I was replanting my window boxes at the weekend.  The pansies that had flourished in recent months had become leggy, so I pulled them out, added some fresh compost and started to plant the marigolds.

Which is when I found the egg.  Yes. The egg.

As I parted the soil, there, nestled deep in the damp darkness was a hen’s egg, perfect and unbroken, miraculously whole despite my energetic rooting around.

This was strange indeed.

It could only be an egg.  There is nothing as plain as an egg and there is nowhere as familiar as a window box on your own windowsill.

But there is nothing as marvelously, strangely unexpected as an egg in a window box.

It seems most likely that a fox put it there – which adds a whole other level of wild mystery to the event.  Even so, I really don’t know why I should have been surprised.  After all, we live in a time when the whole ordinary world seems to have become extraordinary.

Everything is familiar but nothing is as it should be.  It is a strange and alarming accident.

Christians believe that the strangest thing of all was also plain.

Jesus himself was familiar: a carpenter, a neighbour, a friend, a son and a nephew.  He was ordinary.
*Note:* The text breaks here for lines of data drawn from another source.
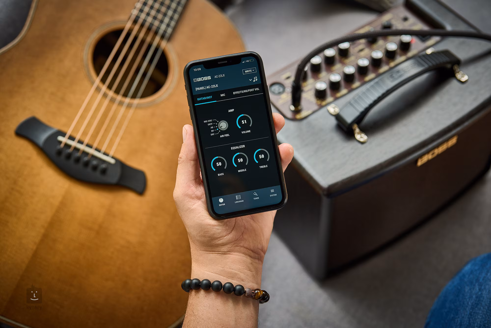 • Irányítás 2x Volume, 2x Bass, 2x Treble, Middle, Air Feel, Reverb, Rev/Chorus, Master, Phantom, Rhythm Box: Volume, Pattern, Start/Stop, Tap Tempo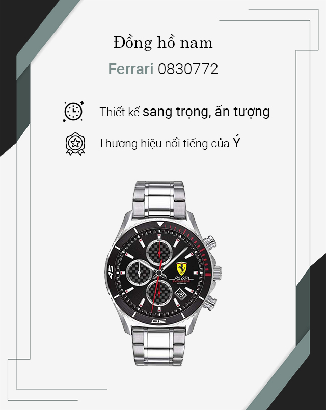- Thương hiệu đồng hồ Ferrari đến từ Ý, nổi tiếng với phong cách thể thao ấn tượng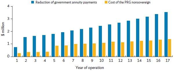 Figure 7.5: Government Annuity Payments with and without Multilateral Development Bank Sovereign Partial Risk Guarantees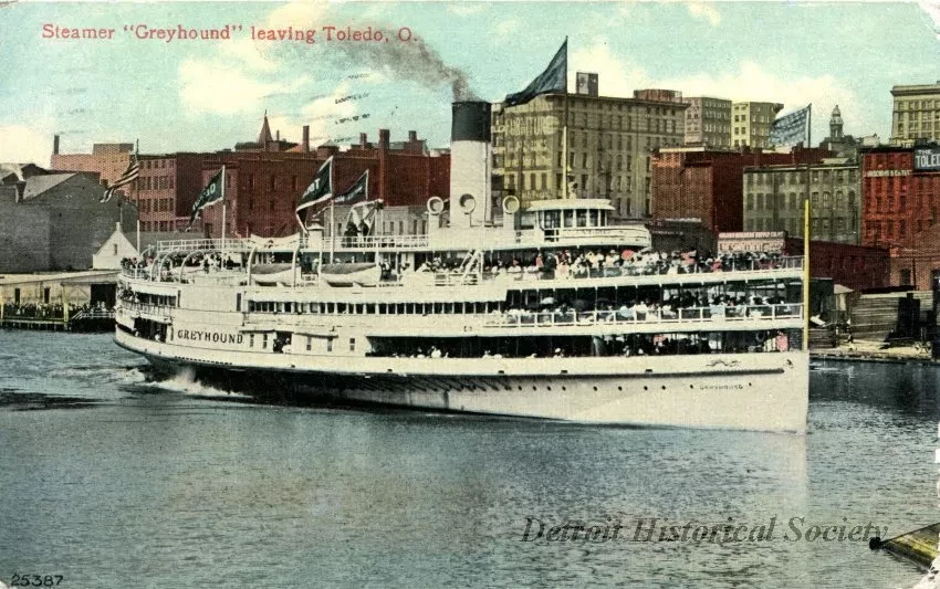 One postcard of the excursion steamship, GREYHOUND, of the White Star Line. The postcard shows a color drawing that depicts a starboard side view of the sidewheel steamship which is underway in fair weather on the Maumee River in Toledo, Ohio. Docks and downtown buildings can be seen in the background. Many passengers are standing on the ship decks. Small red printed text in the upper left corner area reads "Steamer 'Greyhound' leaving Toledo, O."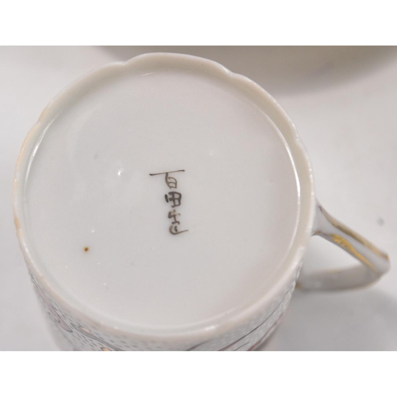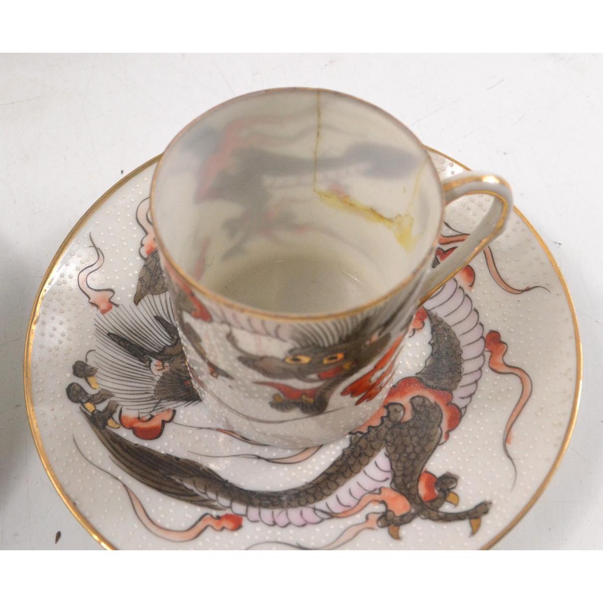 Japanese style fine egg shell set with 6 cups and 6 saucers in dragon design. Teapot comes with strainer attachmentW: Saucer: 10.5cm approx H: Cup: 5.5cm approx Approx 14 pieces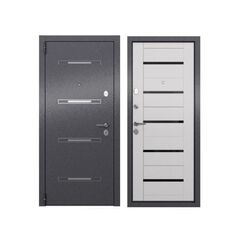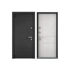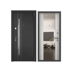 Тип внешней отделки: порошково-полимерное покрытие. Магнитный уплотнитель по контуру полотна. Многослойный шумоизоляционный материал. Верхний замок: Border 3B 8-6, 4-го класса взломостойкости. Нижний замок: Blockido C1, 4-го класса взломостойкости. Стальная дверь с утеплением, защитой от шума и взлома, современным дизайном и прочной отделкой для квартир и офисов стандартных размеров.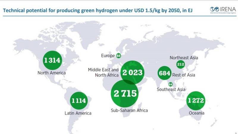 Africa, and its abundance of low-cost renewable power, is endowed with 33% of world technical potential for producing green hydrogen under USD 1.5/kg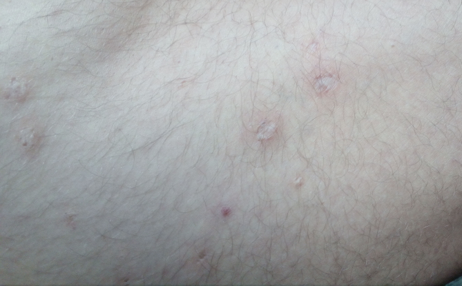 Hey ,ich hab seit 2 Jahren ca runde Kreise an den Oberschenkel und zwischen den Leistendie mit mitesser gefüllt sind weiß einer was das ist ,danke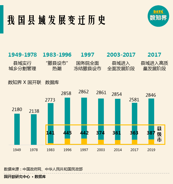建國后,我國縣級行政區(qū)的發(fā)展也貫穿著新中國70年的歷史進(jìn)程,對我國城鄉(xiāng)發(fā)展產(chǎn)生了深遠(yuǎn)的影響。我國縣域的發(fā)展走過了城鄉(xiāng)二元分割的制度體系、以經(jīng)濟(jì)為中心快速發(fā)展,逐步轉(zhuǎn)向了全面、高質(zhì)量的發(fā)展階段。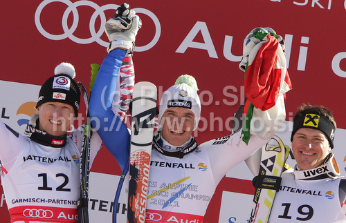 Garmisch-Partenkirchen ,Germany - 09.02.2011 : Winner Christof Innerhofer of Italy (M), second placed Hannes Reichelt of Austria (L) and third placed Ivica Kostelic of Croatia (R) celebrate their medals won in Men Super-G race of FIS alpine skiing World Championships in Garmisch-Partenkirchen, Germany. Super-G race of Men Super-G race of FIS alpine skiing World Championships, was held on Wednesday, 9th of February 2011, in Garmisch-Partenkirchen, Germany. Photo by: Mitja Smid Bricelj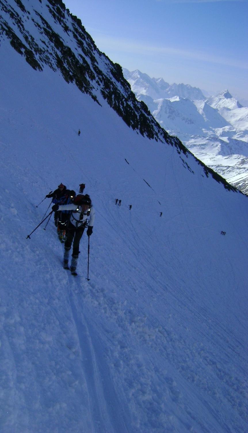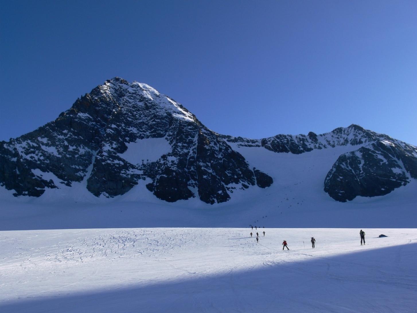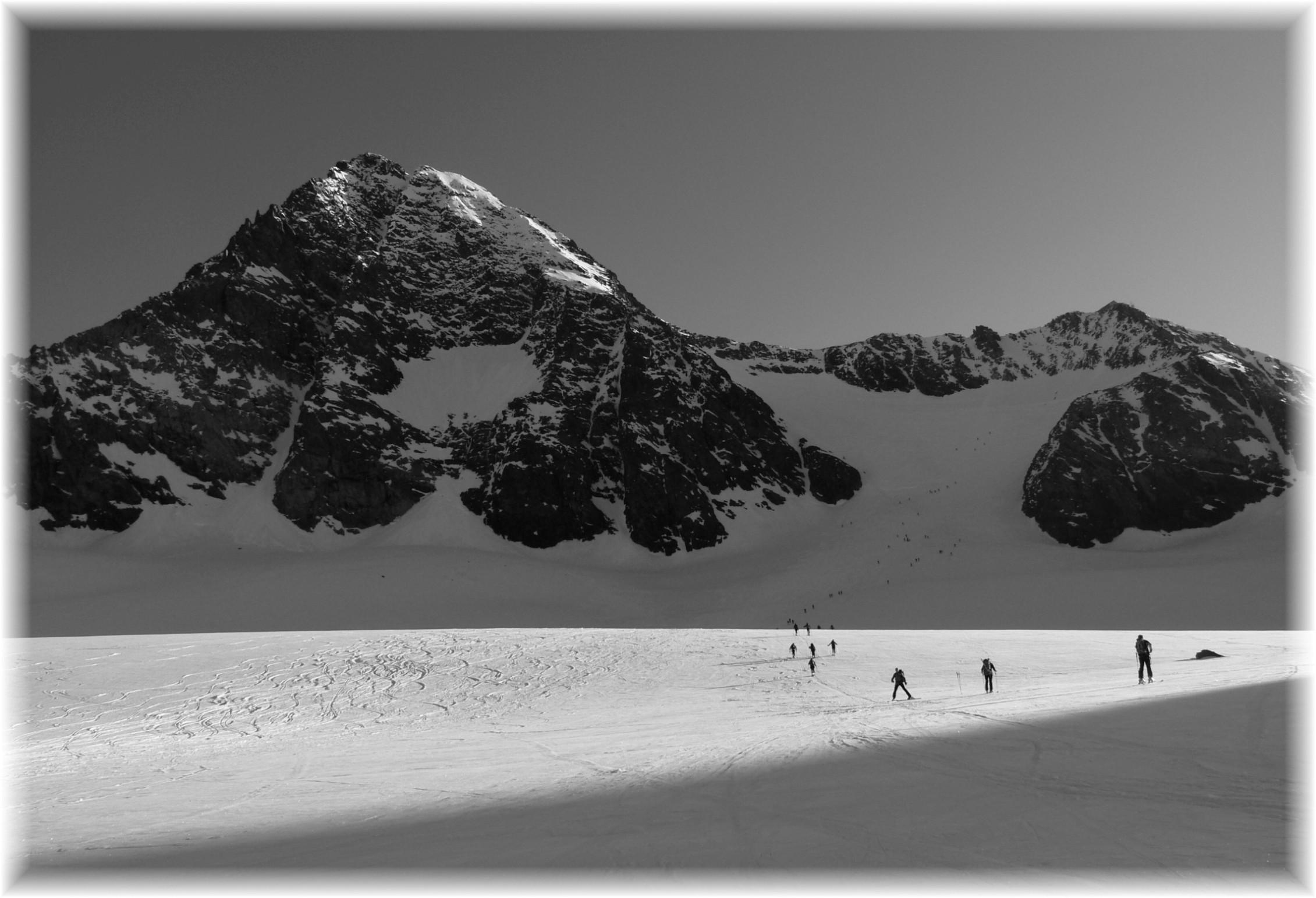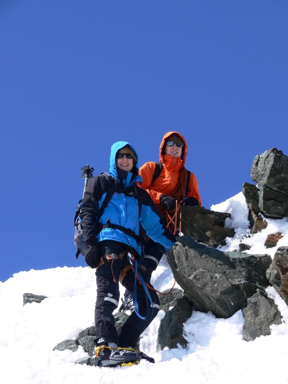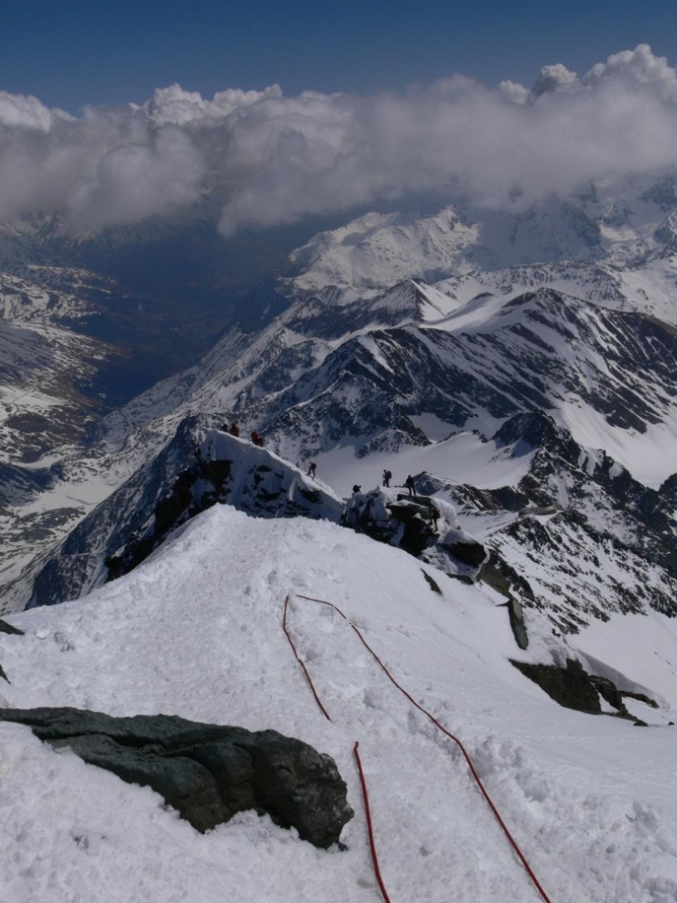 Beste Aufstiegs- und Abfahrtsbedingungen: über das Ködnitzkees Harscheisen empfehlenswert, der Glocknergrat gut zu begehen (nicht eisig), am Gipfel warm und windstill. Die Abfahrt - wie zu erwarten - sehr sulzig.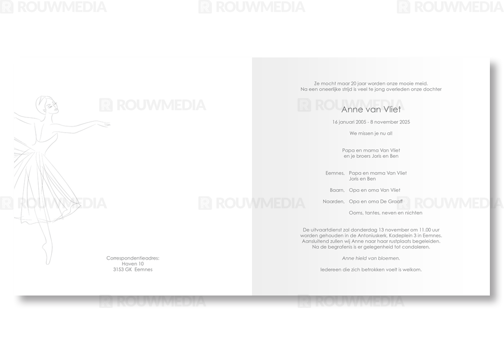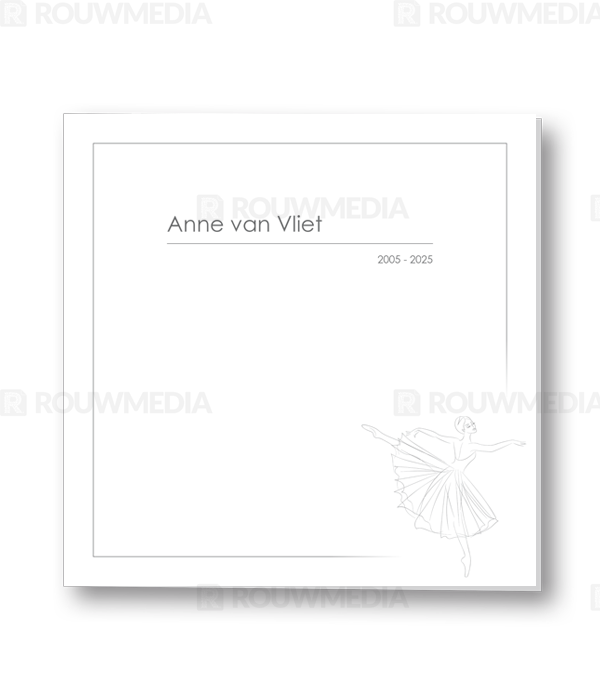 Deze vierkante rouwkaart toont in een simpele stijl hoe een afbeelding de focus kan krijgen in een kaart, maar wel de serene rust bewaart. Voor deze kaart is er gekozen voor een geïllustreerde ballerina.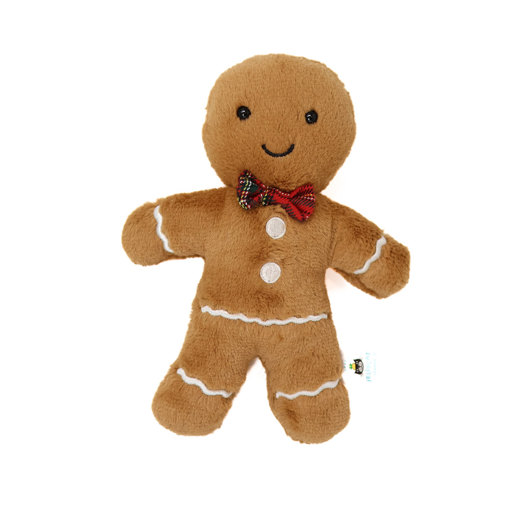 Jolly Gingerbread Fred may have hopped straight out of the tin, but this guy’s always looking smart! In soft golden biscuit fur with scalloped stitch icing, embroidered buttons and a red tartan bow, Fred is a forever festive friend!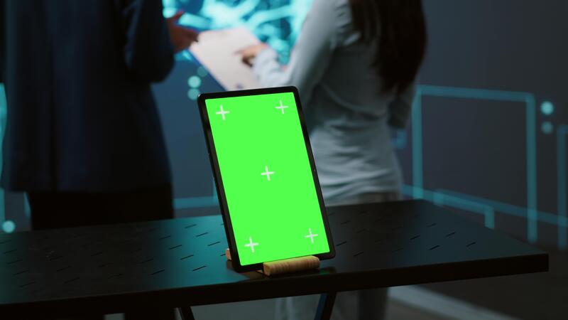 Green screen tablet used by computer scientists in startup doing advancements in AI field. Employees working on mockup device in workspace featuring artificial intelligence systems, camera A Pro Video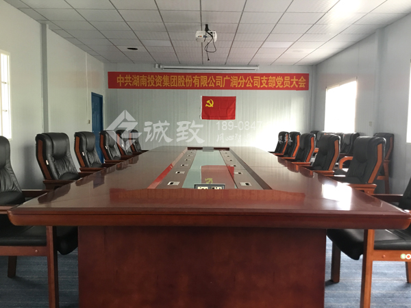 湖南投資集團股份有限公司為湖南省第一家上市公司,以路橋收費、酒店經營、商業地產開發為主營,我們湖南誠致承建該公司長沙芙蓉北路金霞開發區項目部臨建駐地建設,總共有兩棟豪華四坡活動板房(其中有1棟超大型U型豪華四坡活動板房,作為主辦公樓,單體面積超過1500平方),一個保安崗亭,總共建筑面積為1820平方。整個項目部布局設計簡潔大氣,辦公樓直接連接餐廳與娛樂室,避免了日曬雨淋,辦公生活都非常舒適愜意。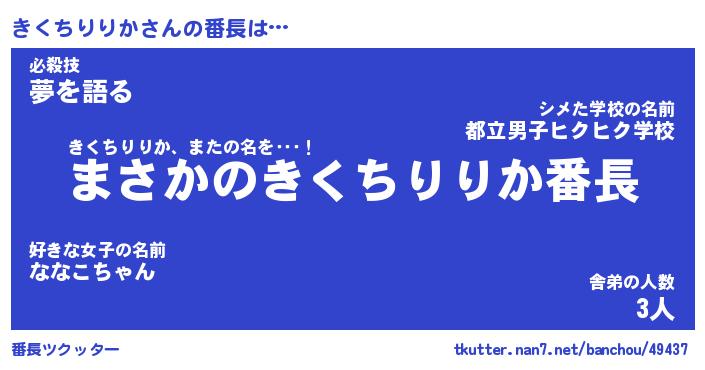 | ヒーロー風カッコイイあだ名 | 『スーパーキクチリリカ』『魔戒騎士キク』 |

But if he was plain like an egg, then, like my egg, left by the fox, he was not an accident but a wildly, mysteriously unexpected gift.

He spoke to a way of being, a way of loving, that was so radical, so revolutionary, that it is still calling people to reimagine the world today, whether in the community projects that have sprung up this year to answer the needs of the vulnerable; in the local and global action of the Black Lives Matters movement; or in the prophetic voice of Marcus Rashford.

These are the eggs in the window box: the world transformed and turned upside down by the actions and voices of plain people in unexpected ways.

I believe these are our gifts.  They are to be cherished and their mystery wondered at.

Because there won’t always be an egg in the window box.

But when, occasionally, there is, it will be beautiful.